Sejak kebijakan UU Nomor 6 tahun 2014 tentang Desa diimplementasikan dengan didukung kebijakan dana desa, desa-desa telah mengalami kemajuan yang ditandai semakin berkembangnya infrastruktur desa, seperti jalan, jembatan, posyandu, poskesdes, sarana irigasi, dan lain sebagainya. Namun kemajuan desa belum diikuti oleh penguatan desa dalam rangka kemandirian desa. Desa yang kuat paling tidak ditandai 3 hal, yaitu berdaulat secara politik, mandiri secara ekonomi dan bermartabat secara budaya. Berdaulat secara politik, dimaknai adanya kemampuan desa dalam menentukan arah dan kebijakan untuk mengatur dan mengurus kepentingan masyarakatnya. Mandiri secara ekonomi, ditandai adanya kemampuan dalam mengelola sumber daya alam, potensi dan aset yang dimiliki untuk kesejahteraan warganya. Bermartabat secara budaya, dimaknai adanya kemampuan dalam mengelola dan memelihara modal sosial dan budaya dalam menggerakkan Pembangunan desa. Desa yang kuat adalah desa yang semakin mandiri yaitu semakin berkurangnya tingkat ketergantungan pada bantuan pemerintah atasnya.

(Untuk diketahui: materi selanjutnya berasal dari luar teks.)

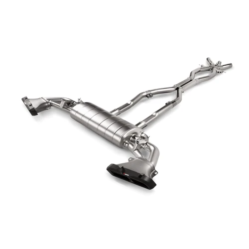 This product is made from high-grade lightweight titanium for a weight saving of 34.2% over the AMG Performance exhaust system. The fully sandblasted exterior is completed with a new tailpipe design constructed from hand-crafted carbon fibre with a titanium inner sleeve.

Menjaga otonomi desa dalam dinamika kebijakan pemerintahan adalah tantangan sekaligus peluang besar. Pemerintah pusat dan daerah harus mampu menyeimbangkan antara kebijakan top-down dengan kebutuhan bottom-up dari desa. Memberikan ruang bagi desa untuk berinovasi, memperkuat kapasitas aparatur, serta menyederhanakan regulasi menjadi kunci sukses pembangunan desa yang berkelanjutan.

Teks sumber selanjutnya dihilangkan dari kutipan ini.